__Supplied information__

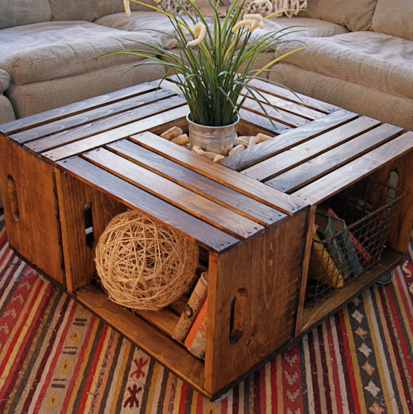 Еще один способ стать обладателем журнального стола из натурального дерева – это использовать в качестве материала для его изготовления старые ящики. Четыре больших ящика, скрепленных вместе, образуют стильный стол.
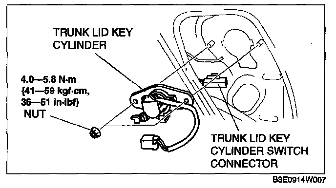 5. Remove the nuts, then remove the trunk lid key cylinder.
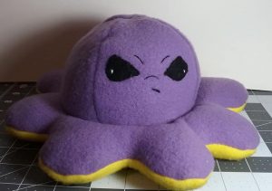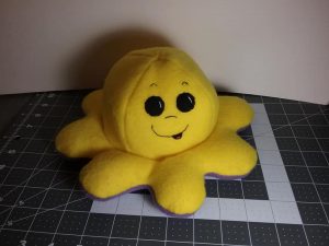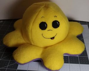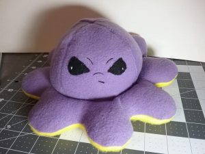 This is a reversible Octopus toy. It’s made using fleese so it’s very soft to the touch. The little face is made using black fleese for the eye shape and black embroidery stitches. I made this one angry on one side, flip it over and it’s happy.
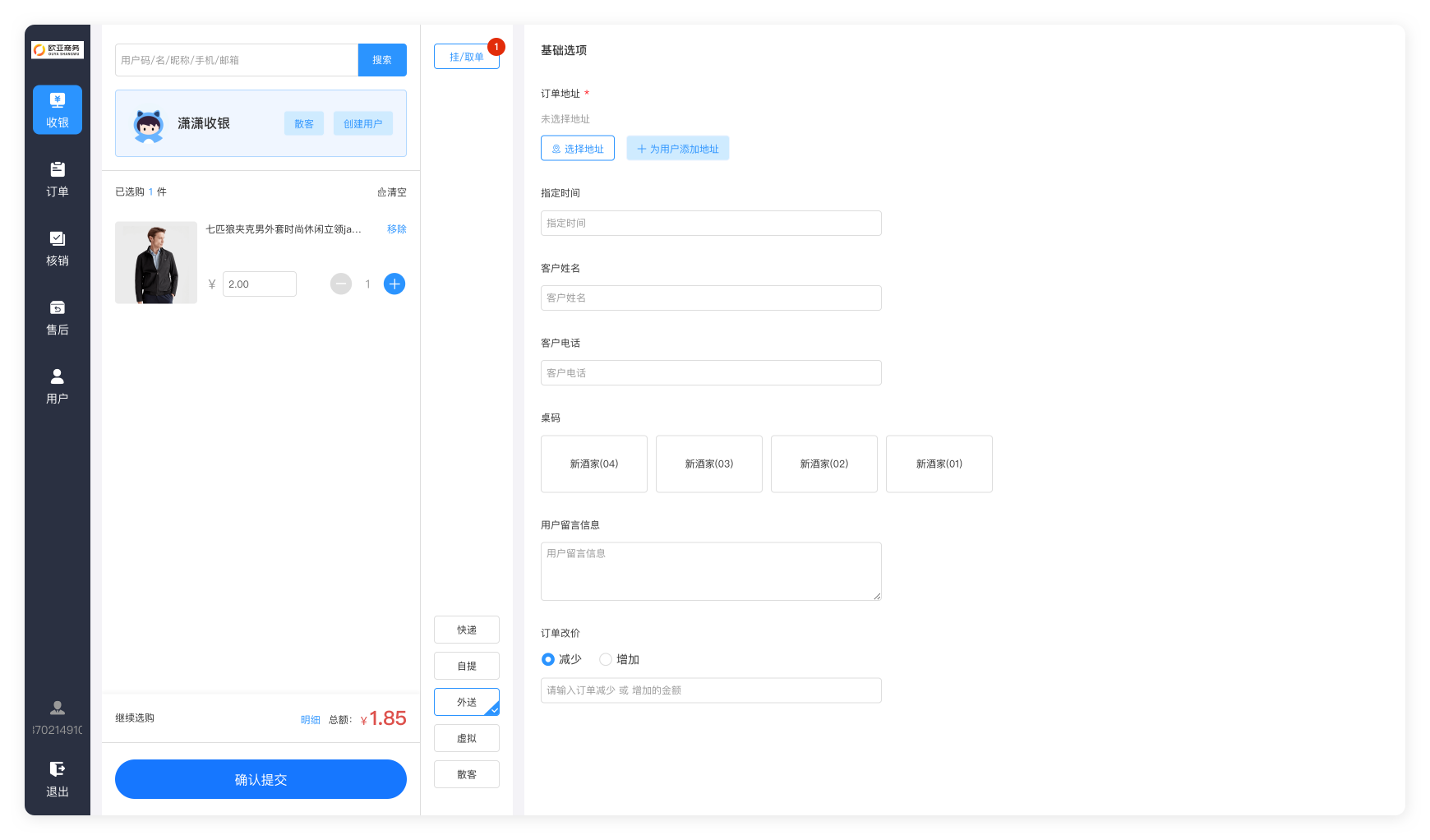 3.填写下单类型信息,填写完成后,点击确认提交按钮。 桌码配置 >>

...

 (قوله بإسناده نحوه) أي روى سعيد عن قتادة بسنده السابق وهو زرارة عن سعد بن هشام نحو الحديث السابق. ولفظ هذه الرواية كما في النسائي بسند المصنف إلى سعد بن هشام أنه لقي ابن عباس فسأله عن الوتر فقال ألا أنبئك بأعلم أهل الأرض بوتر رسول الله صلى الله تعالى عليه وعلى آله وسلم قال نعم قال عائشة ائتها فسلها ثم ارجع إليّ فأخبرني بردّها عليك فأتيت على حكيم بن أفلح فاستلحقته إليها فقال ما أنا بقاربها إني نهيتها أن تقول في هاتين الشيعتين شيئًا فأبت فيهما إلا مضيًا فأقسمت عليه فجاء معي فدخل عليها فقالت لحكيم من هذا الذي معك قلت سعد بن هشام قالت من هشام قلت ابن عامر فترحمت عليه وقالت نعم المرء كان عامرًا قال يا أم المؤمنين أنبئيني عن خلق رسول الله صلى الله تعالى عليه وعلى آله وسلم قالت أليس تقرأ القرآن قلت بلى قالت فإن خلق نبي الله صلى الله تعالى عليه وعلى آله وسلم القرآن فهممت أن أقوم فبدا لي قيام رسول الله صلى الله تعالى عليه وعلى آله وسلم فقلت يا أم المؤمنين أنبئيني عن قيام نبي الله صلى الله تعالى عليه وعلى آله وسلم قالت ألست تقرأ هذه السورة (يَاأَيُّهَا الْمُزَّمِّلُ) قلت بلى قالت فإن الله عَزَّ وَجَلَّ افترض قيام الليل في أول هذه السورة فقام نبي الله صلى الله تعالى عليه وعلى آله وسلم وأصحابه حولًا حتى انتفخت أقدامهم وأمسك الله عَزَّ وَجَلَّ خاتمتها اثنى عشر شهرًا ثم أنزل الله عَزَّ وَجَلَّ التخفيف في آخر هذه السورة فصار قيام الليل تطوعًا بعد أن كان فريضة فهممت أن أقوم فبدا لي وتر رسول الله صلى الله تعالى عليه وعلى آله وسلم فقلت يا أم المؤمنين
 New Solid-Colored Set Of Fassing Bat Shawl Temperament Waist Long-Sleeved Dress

--

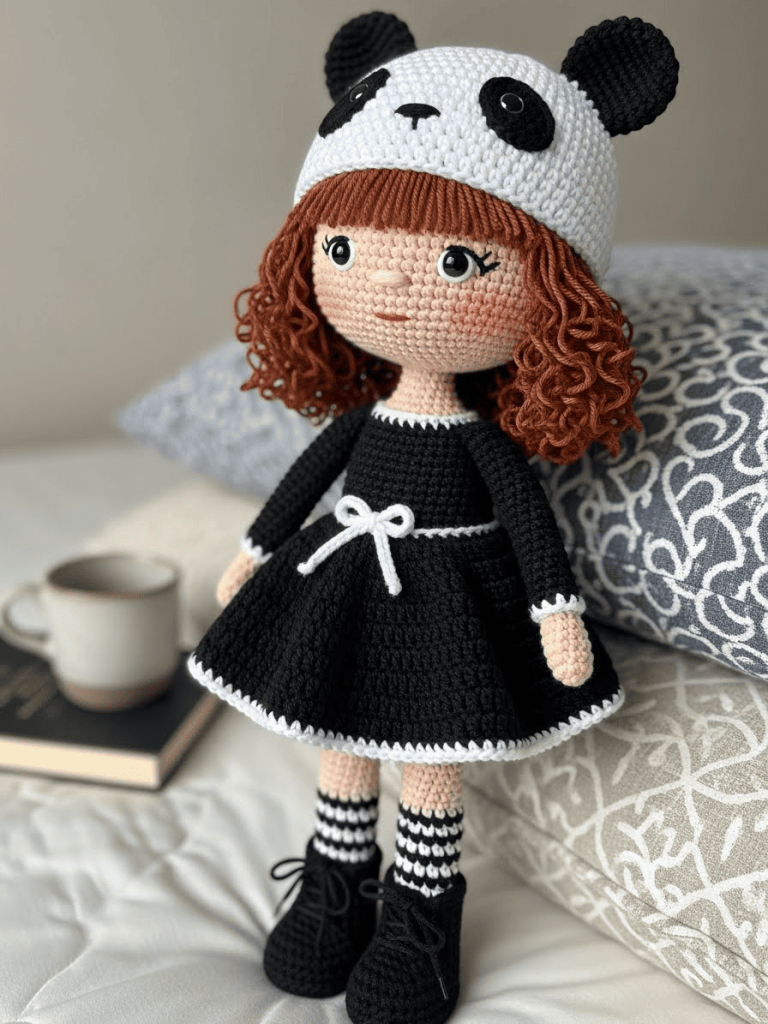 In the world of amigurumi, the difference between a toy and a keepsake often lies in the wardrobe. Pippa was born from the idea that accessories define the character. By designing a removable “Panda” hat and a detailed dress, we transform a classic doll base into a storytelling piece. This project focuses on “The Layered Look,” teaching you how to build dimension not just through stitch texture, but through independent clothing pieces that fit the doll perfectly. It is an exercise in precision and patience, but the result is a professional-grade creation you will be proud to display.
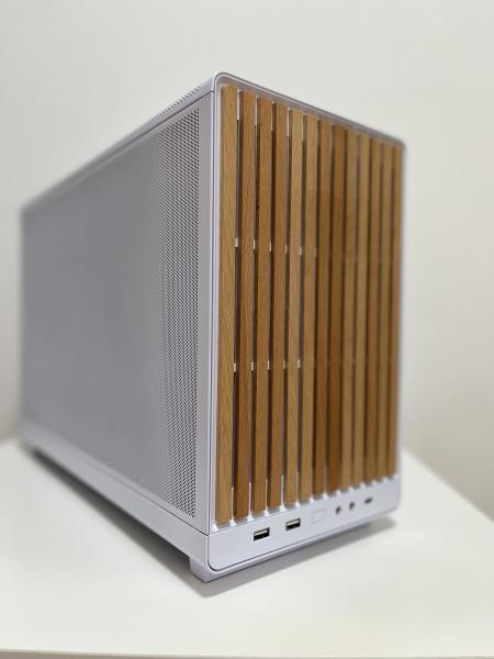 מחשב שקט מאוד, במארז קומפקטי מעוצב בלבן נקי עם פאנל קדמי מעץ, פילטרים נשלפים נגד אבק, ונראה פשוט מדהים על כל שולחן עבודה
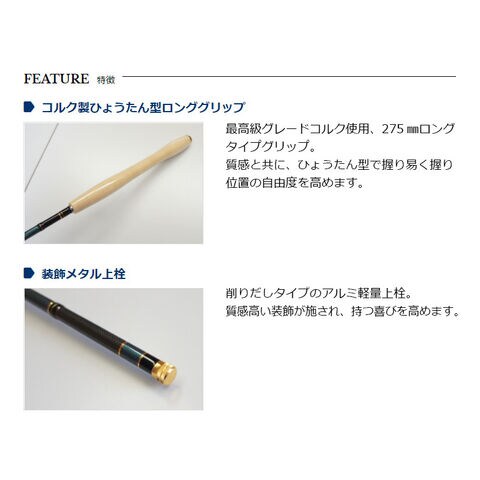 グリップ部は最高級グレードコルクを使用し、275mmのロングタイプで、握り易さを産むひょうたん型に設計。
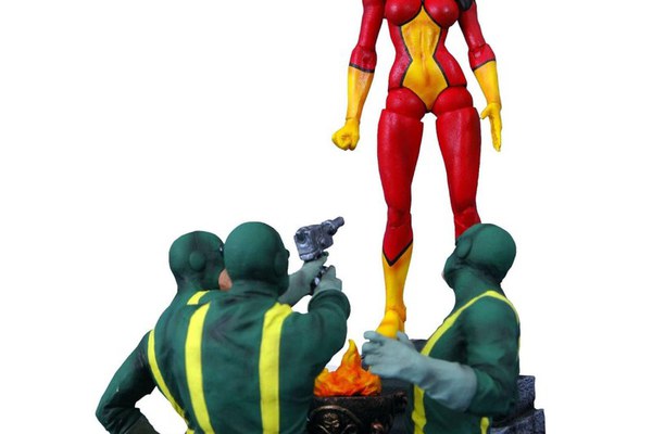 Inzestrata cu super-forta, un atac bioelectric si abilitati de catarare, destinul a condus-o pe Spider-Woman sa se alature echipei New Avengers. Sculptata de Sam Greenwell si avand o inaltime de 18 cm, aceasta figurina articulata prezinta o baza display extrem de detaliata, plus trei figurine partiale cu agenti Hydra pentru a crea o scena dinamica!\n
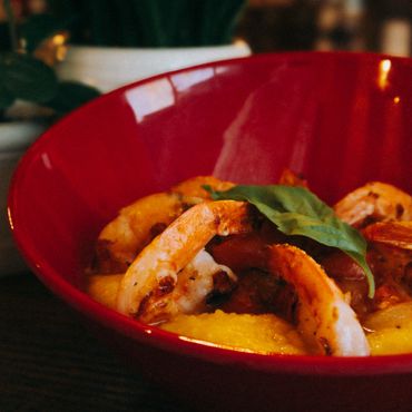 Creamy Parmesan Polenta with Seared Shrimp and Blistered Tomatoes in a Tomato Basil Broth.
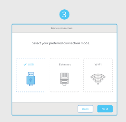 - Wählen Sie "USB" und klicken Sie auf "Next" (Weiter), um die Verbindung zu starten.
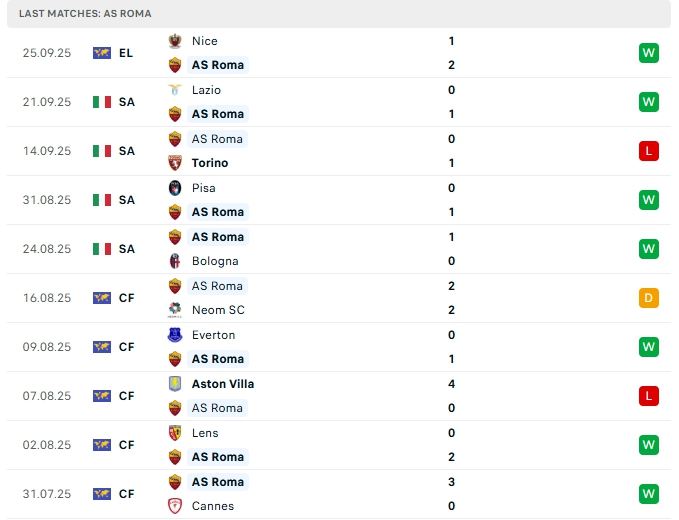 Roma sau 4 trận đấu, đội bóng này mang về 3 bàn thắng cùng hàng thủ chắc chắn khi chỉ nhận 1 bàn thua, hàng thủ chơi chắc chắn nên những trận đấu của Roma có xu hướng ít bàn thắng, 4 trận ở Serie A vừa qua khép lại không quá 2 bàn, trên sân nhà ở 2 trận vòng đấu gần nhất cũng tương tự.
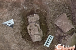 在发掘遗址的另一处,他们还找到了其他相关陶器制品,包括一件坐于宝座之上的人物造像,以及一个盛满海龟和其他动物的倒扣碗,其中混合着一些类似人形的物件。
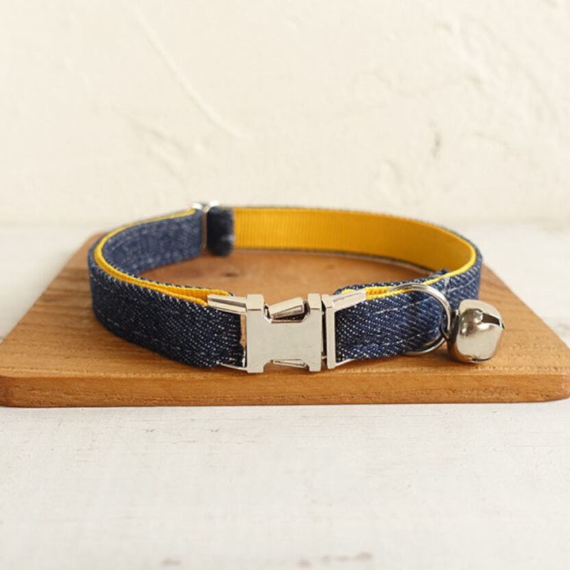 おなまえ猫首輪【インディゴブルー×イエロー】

__What needs to be done__
In the records above, everything from the line with "Inzestrata cu super-forta, un" down to the line with "- Wählen Sie" must be duplicated exactly, both lines kept. Leave no pictures in.

__Solution to this exercise__
 Inzestrata cu super-forta, un atac bioelectric si abilitati de catarare, destinul a condus-o pe Spider-Woman sa se alature echipei New Avengers. Sculptata de Sam Greenwell si avand o inaltime de 18 cm, aceasta figurina articulata prezinta o baza display extrem de detaliata, plus trei figurine partiale cu agenti Hydra pentru a crea o scena dinamica!\n
 Creamy Parmesan Polenta with Seared Shrimp and Blistered Tomatoes in a Tomato Basil Broth.
 - Wählen Sie "USB" und klicken Sie auf "Next" (Weiter), um die Verbindung zu starten.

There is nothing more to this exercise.